----- Recorded data -----

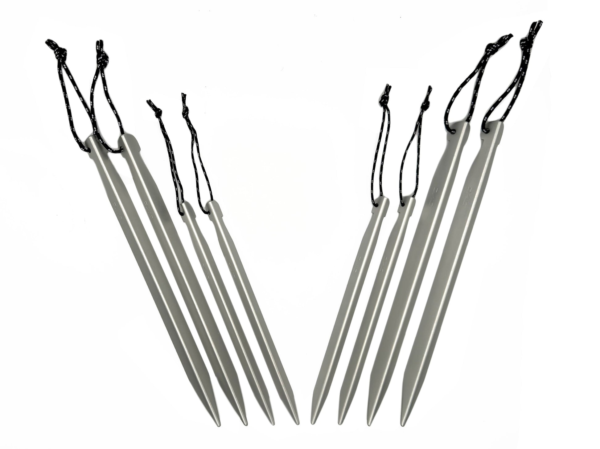 A tent fly includes the fly and stuff sack. Buy a tent fly and inner gets a complete tent aside from stakes. Stake packs include the stake sack and a total of 8 DAC stakes. The 8 DAC stakes are provided in two sizes (6" and 8") with 4 of each length. These stakes weigh 7g and 16g respectively.
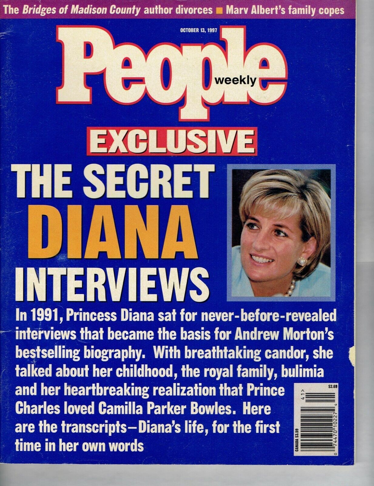 For Sale is a Rare and Hard to Find People Weekly Magazine Princess Diana October 13 1997. its in Very good USED condition just some minor handling wear as shown in the photos. Please ask Any and All Questions prior to purchasing. Fast Same or Next day shipping with Free Delivery Confirmation within the U.S. Payment Due within 7 days of purchase (if you need more time please let us know In advance) we love to combine shipping which is always a Yes and Most of the time Additional Items Ship for free.
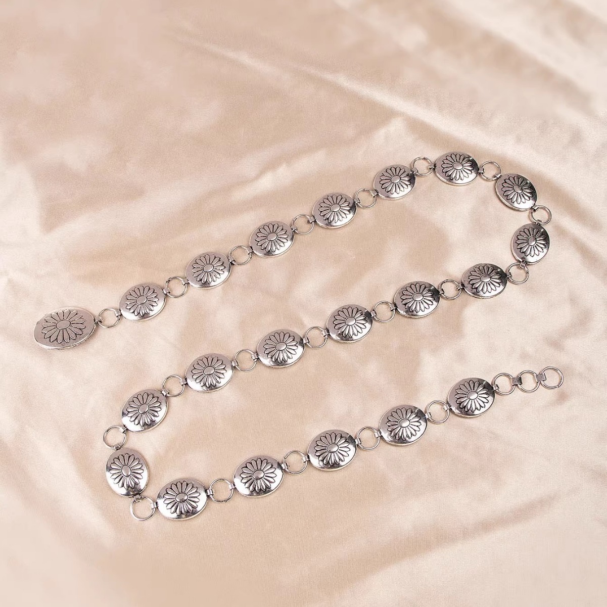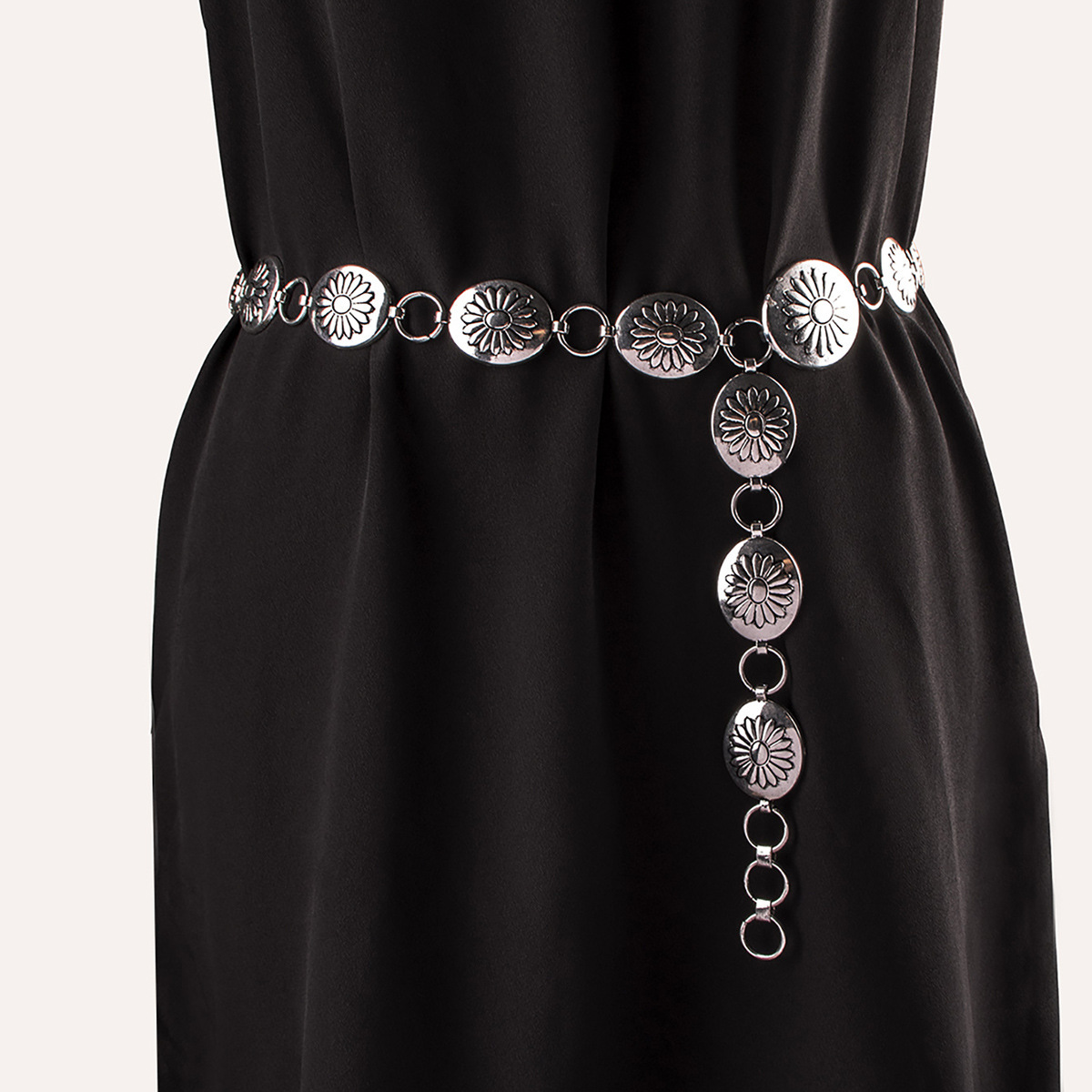 欧美 外贸订单白抹黑西部ins风金属腰链雕花跨境优雅女士现货腰封
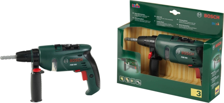 Тази детска бормашина в емблематичния зелен цвят на Bosch достоверно наподобява истински инструмент и предлага на децата забавна и безопасна игра на майстори. LED светлина и реалистичен звук при натискане на спусъка засилват изживяването и подпомагат фантазията и моториката.
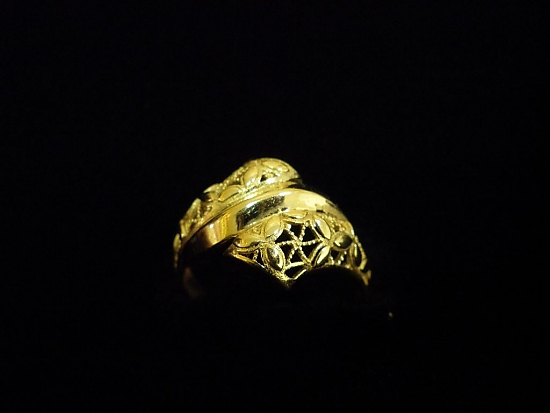 Златен пръстен с орнаменти от жълто злато,олекотен
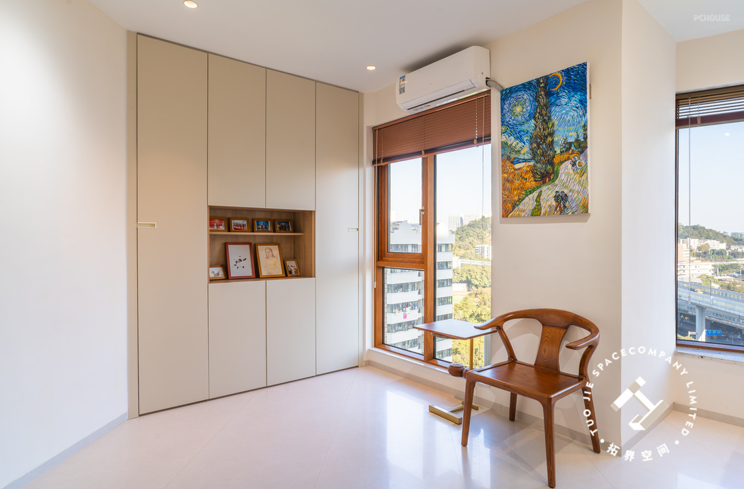 因为这间卧室是一个不规则的结构,所以在定制衣柜时,采用了斜切的手法,可以作为展示柜,同时视觉上也不会有突兀感,完美掩盖了畸形的角落。
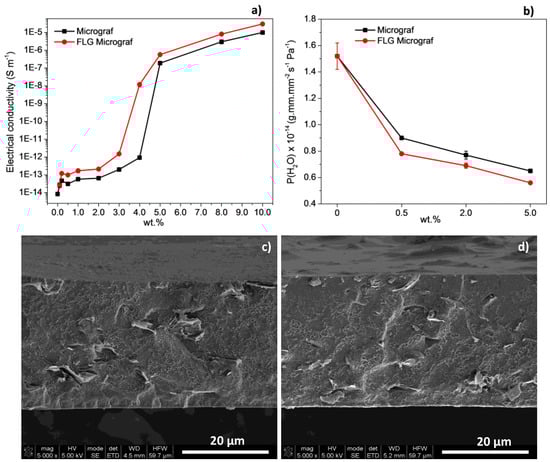 (a) Electrical conductivity; (b) coefficient of moisture permeability; and SEM images for the Micrograf (c) and FLG Micrograf WPU (d) composite films at different loadings.
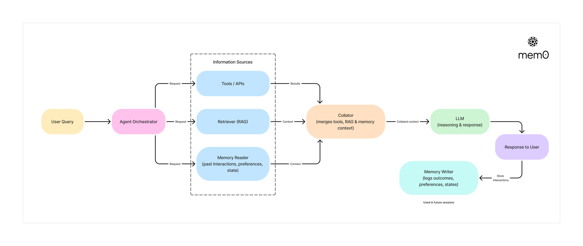 Memory, on the other hand, brings in continuity. It captures user preferences, past queries, decisions, and failures and makes them available in future interactions.
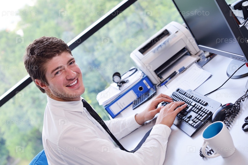 Счастливый молодой деловой мужчина в офисе
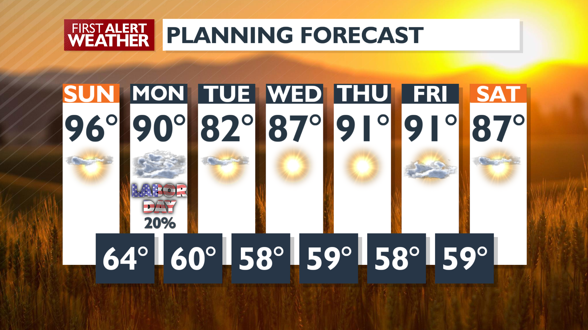 The heat rolls on into Sunday, which will be the hottest temperatures we've had in a few weeks. Upper 90s and low 100s will keep fire danger high ahead of a cooler Labor Day that could get gusty and s...
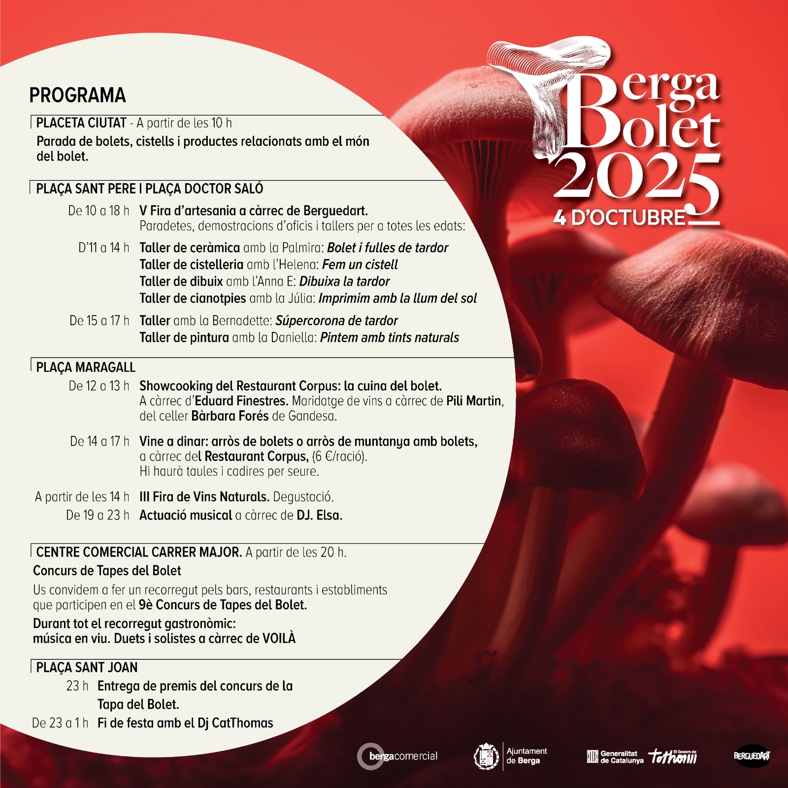 L’Ajuntament de Berga ha complementat els actes amb la V Fira d’Artesania a càrrec de l’agrupació BerguedArt, que es situaran entre la plaça de Sant Pere i plaça Doctor Saló, amb un munt de tallers i demostracions d’oficis durant tot el dia.
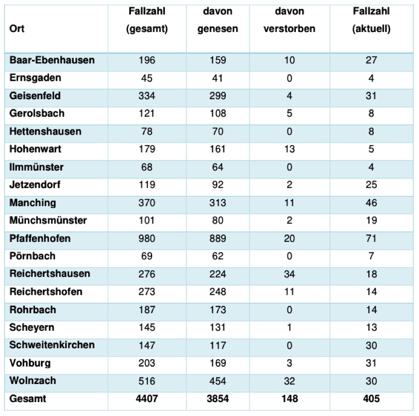 Von den bislang insgesamt 4407 Menschen aus dem Kreis Pfaffenhofen, bei denen nach jüngstem offiziellen Stand eine Corona-Infektion bestätigt worden ist, gelten laut aktueller Mitteilung der Behörde mittlerweile 3854 als genesen – das sind 54 mehr als gestern gemeldet. Die Zahl der Infizierten und noch nicht genesenen Corona-Patienten hat sich damit im Landkreis verringert und beträgt – Stand: heute Mittag – derzeit 405 (gestern: 419). Die infizierten Personen befinden sich in häuslicher Isolation.
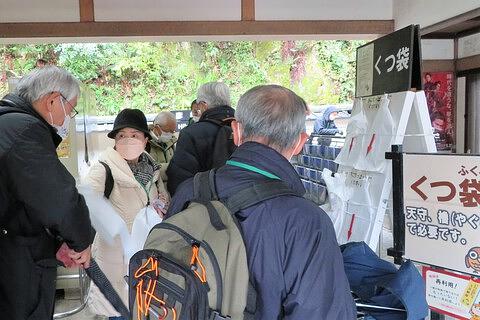 これから先建物の中は土足禁止なので、ここで土足入れの袋を頂きました。

-----

**Exercise**
Please print every record above exactly, but leave the pictures out.

**Response for this exercise**
 A tent fly includes the fly and stuff sack. Buy a tent fly and inner gets a complete tent aside from stakes. Stake packs include the stake sack and a total of 8 DAC stakes. The 8 DAC stakes are provided in two sizes (6" and 8") with 4 of each length. These stakes weigh 7g and 16g respectively.
 For Sale is a Rare and Hard to Find People Weekly Magazine Princess Diana October 13 1997. its in Very good USED condition just some minor handling wear as shown in the photos. Please ask Any and All Questions prior to purchasing. Fast Same or Next day shipping with Free Delivery Confirmation within the U.S. Payment Due within 7 days of purchase (if you need more time please let us know In advance) we love to combine shipping which is always a Yes and Most of the time Additional Items Ship for free.
 欧美 外贸订单白抹黑西部ins风金属腰链雕花跨境优雅女士现货腰封
 Тази детска бормашина в емблематичния зелен цвят на Bosch достоверно наподобява истински инструмент и предлага на децата забавна и безопасна игра на майстори. LED светлина и реалистичен звук при натискане на спусъка засилват изживяването и подпомагат фантазията и моториката.
 Златен пръстен с орнаменти от жълто злато,олекотен
 因为这间卧室是一个不规则的结构,所以在定制衣柜时,采用了斜切的手法,可以作为展示柜,同时视觉上也不会有突兀感,完美掩盖了畸形的角落。
 (a) Electrical conductivity; (b) coefficient of moisture permeability; and SEM images for the Micrograf (c) and FLG Micrograf WPU (d) composite films at different loadings.
 Memory, on the other hand, brings in continuity. It captures user preferences, past queries, decisions, and failures and makes them available in future interactions.
 Счастливый молодой деловой мужчина в офисе
 The heat rolls on into Sunday, which will be the hottest temperatures we've had in a few weeks. Upper 90s and low 100s will keep fire danger high ahead of a cooler Labor Day that could get gusty and s...
 L’Ajuntament de Berga ha complementat els actes amb la V Fira d’Artesania a càrrec de l’agrupació BerguedArt, que es situaran entre la plaça de Sant Pere i plaça Doctor Saló, amb un munt de tallers i demostracions d’oficis durant tot el dia.
 Von den bislang insgesamt 4407 Menschen aus dem Kreis Pfaffenhofen, bei denen nach jüngstem offiziellen Stand eine Corona-Infektion bestätigt worden ist, gelten laut aktueller Mitteilung der Behörde mittlerweile 3854 als genesen – das sind 54 mehr als gestern gemeldet. Die Zahl der Infizierten und noch nicht genesenen Corona-Patienten hat sich damit im Landkreis verringert und beträgt – Stand: heute Mittag – derzeit 405 (gestern: 419). Die infizierten Personen befinden sich in häuslicher Isolation.
 これから先建物の中は土足禁止なので、ここで土足入れの袋を頂きました。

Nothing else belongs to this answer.